Yıllardan beri hayalini kurduğum bir şeyi gerçekleştirdim ve kendimi Japonya’da buldum. Bir şeyi çok isterseniz, hayat bir şekilde karşınıza fırsatlar çıkarıyor. Neyse, Japonya’ya nasıl gittiğim kısmını başka yazıda açıklarım. Bu yazıda ise Japonya’da gördüğüm ve duyduğum ilginç bilgilere yer vereceğim. Bildiğiniz gibi Japonya’da çok farklı bir kültür hakim. Kendimi başka ülkeye değil de başka gezegene gitmiş gibi hissettim. Bu ilginç ve bir o kadar da eğlenceli detayları sizinle paylaşmak istedim.
Çöp tenekesi yok. Çöplerini evlerine götürüp atıyorlar.

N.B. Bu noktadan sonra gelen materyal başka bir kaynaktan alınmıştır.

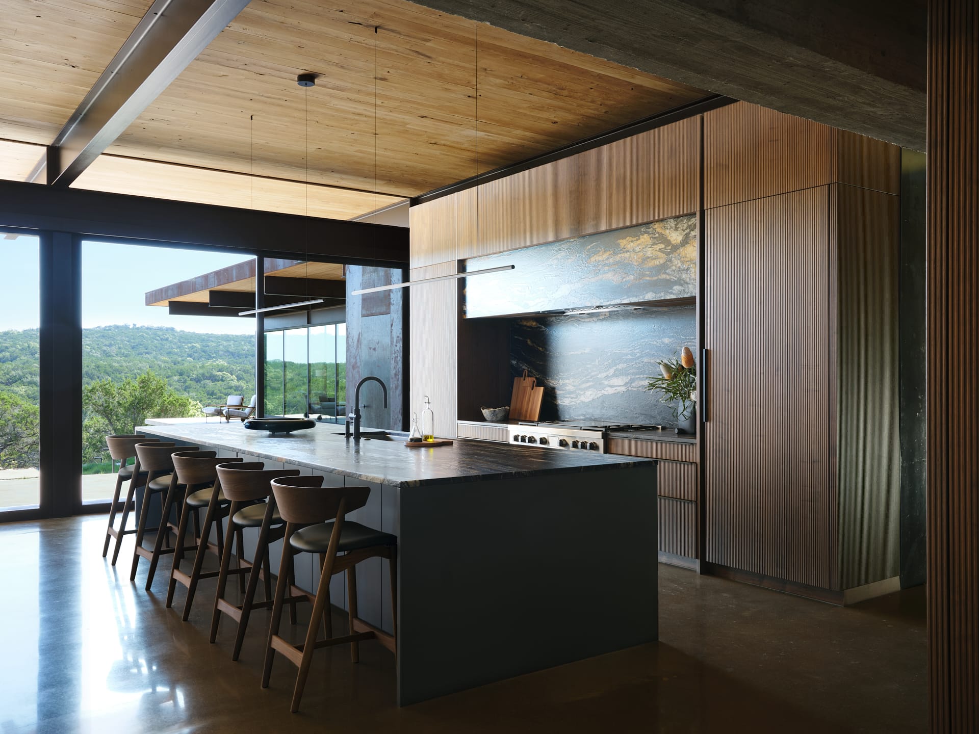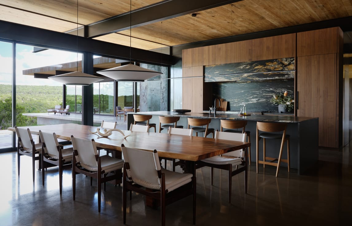 Set on the outskirts of Austin, near a natural reserve and the city’s zoo, this home captures the spirit of Texas through a refined balance of rustic charm and modern design. Architecture defined by clean, linear forms is softened through the use of raw materials like sawn wood, concrete, and exposed steel, creating a dialogue between structure and nature.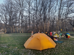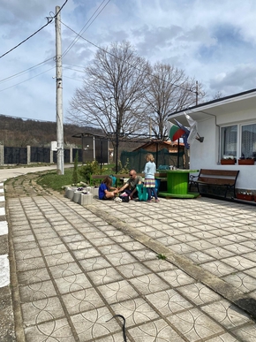 Nous roulons jusqu’à Golitsa. Ici, une femme toute en douceur et en sourire s’occupe d’une petite épicerie faisant office de café, qui nous offre une pause fort sympathique. On nous indique, après avoir appelé le maire, un lieu où nous avons l’autorisation de rester plusieurs nuits au besoin. Mais pour cela nous devons reprendre nos vélos et monter encore 5 km. Les enfants râlent. Mais ils comprennent que nous n’avons pas vraiment d’autre choix.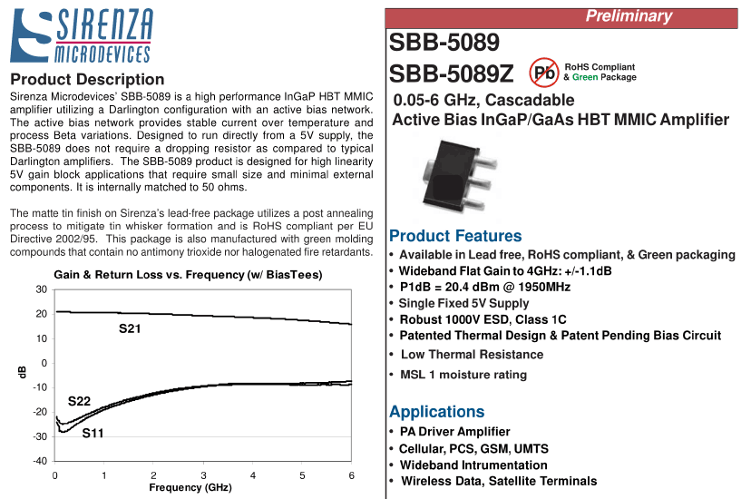 SBB5089 РЧ усилитель тестовые данные: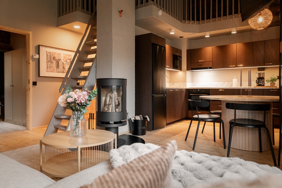 Lumi Chalet on korkeatasoinen ja poikkeuksellisen hyvä kulmahuoneisto aivan Rukan kylän ytimessä, suoraan eturinteiden vieressä. Huoneisto on remontoitu ja sisustettu laadukkaasti syksyllä 2024 – kaikki pinnat, kalusteet ja sängyt ovat uusia. Täältä pääset suoraan rinteisiin, laduille, ravintoloihin, kauppoihin ja palveluihin ilman autoa. Tilava kolmen makuuhuoneen huoneisto tarjoaa upeat näkymät kylälle ja tunturiin – sijainti, jota Rukalla ei voi ylittää.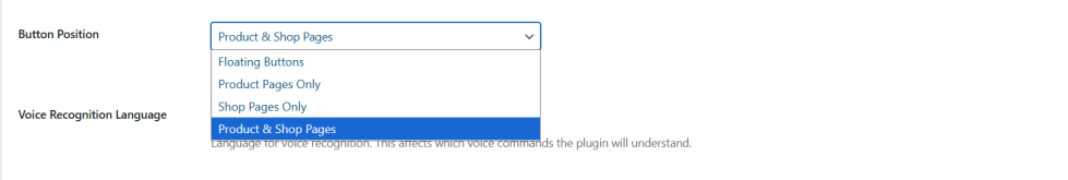 - Language settings determine the speech recognition API’s locale, improving accuracy for your store’s primary customer base.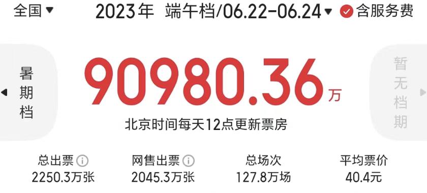 据猫眼专业版全天票房动态预测显示,当日票房从9000万提高到1.1亿,再提高到1.4亿,最终,该片的首日成绩超过1.5亿,而且在次日实现逆跌,来到了1.83亿,端午假期最后一天虽然有所滑落,但也超过首日,以超5亿的档期票房成为断崖第一。
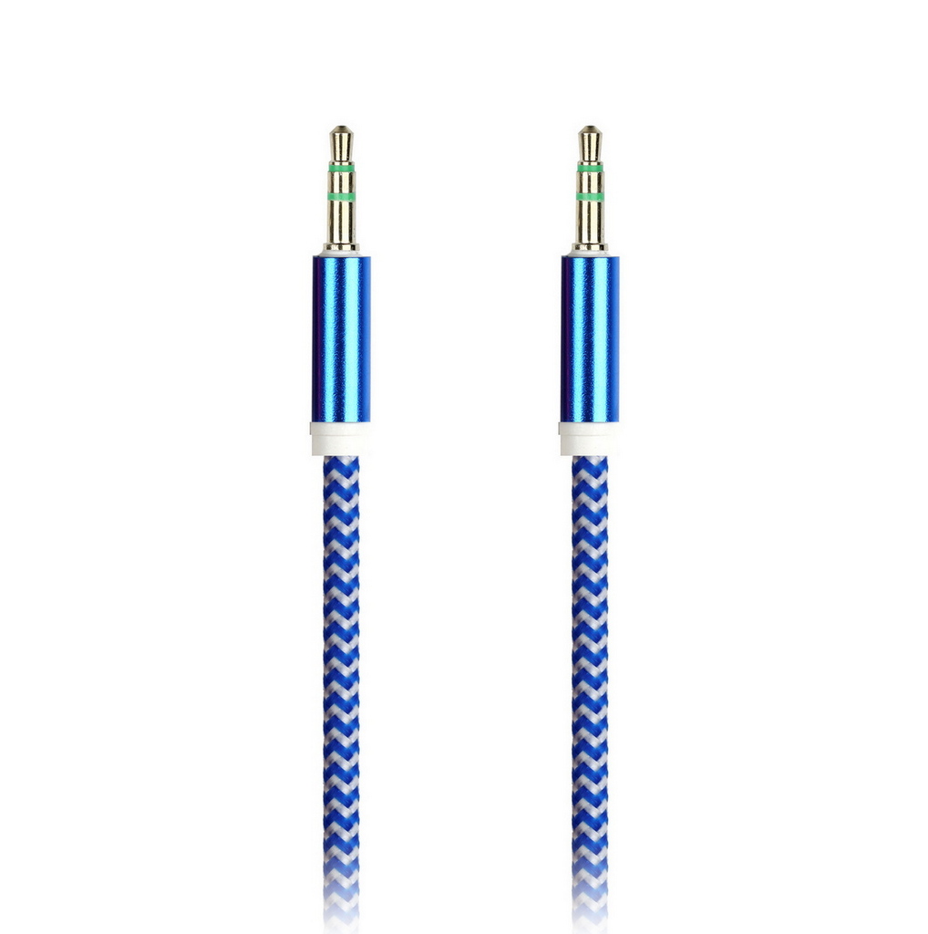 AUX кабель 3.5-3.5 мм (M-M), 1 м, синий, нейлоновая оплетка, (A-35-35 blue)/100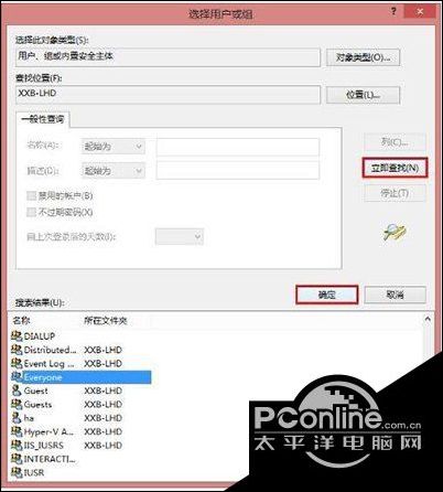 6、点击【立即查找】,在搜索结果框中双击点击“Everyone”;

Bu kadar temiz bir ülkede nasıl çöp kutusu olmaz diyordum ki meğer sebeplerinden biri de buymuş. Çöp kutusunun olduğu yerde yığılı çöp oluyor çünkü. İlk zamanlar çöpümüzü nereye atacağımızı şaşırmıştık, sonra fark ettik ki otomatların yanında bir adet çöp kutusu bulunuyor. Otomatlar da her yerde olduğuna göre çöp kutusu sıkıntısı ortadan kalktı. Yani nereye bakacağınızı bilmeniz lazım 🙂
Otomatlar her yerde.
Otomat demişken bu konuya değinmeden olmaz. Aklınıza gelen her yerdeler. Otomat nedir derseniz, hani şu para atıp da şeker, çikolata, içecek vs. aldığımız makineler var ya, işte onlar. Çok fazla çeşidi mevcut ve tekrar söylüyorum, HER YERDELER. Issız bir sokaktan tutun da, bir tapınağın içine kadar. Fuji dağının tepesinde bile var diyorlar. Siz düşünün yani.
Meyveler hediye olarak veriliyor ve çok pahalılar.
Şu yukarıda gördüğünüz kare karpuz Temmuz 2017 itibariyle 400 tl. Meyveden hediye mi olurmuş diyordum ki fiyatını gördüm. Bizdeki gibi değil haliyle baya kıymetliler. Kare olmasının sebebi ise dolaba daha kolay sığması içinmiş diye okumuştum.
Her şeyin yeşil çay aromalısı var.
Matcha adı verilen yeşil çay Japonya’da çok ünlü. Haliyle yeşil çayı neredeyse her şeye koymuşlar. Çikolata, kahve, şeker, dondurma, kek, kurabiye vb. aklınıza ne gelirse. Ben tadını sevdiğim için bu durumdan gayet hoşnuttum tabi.
Ramen’in höpürdetilerek yenmesi makbuldür.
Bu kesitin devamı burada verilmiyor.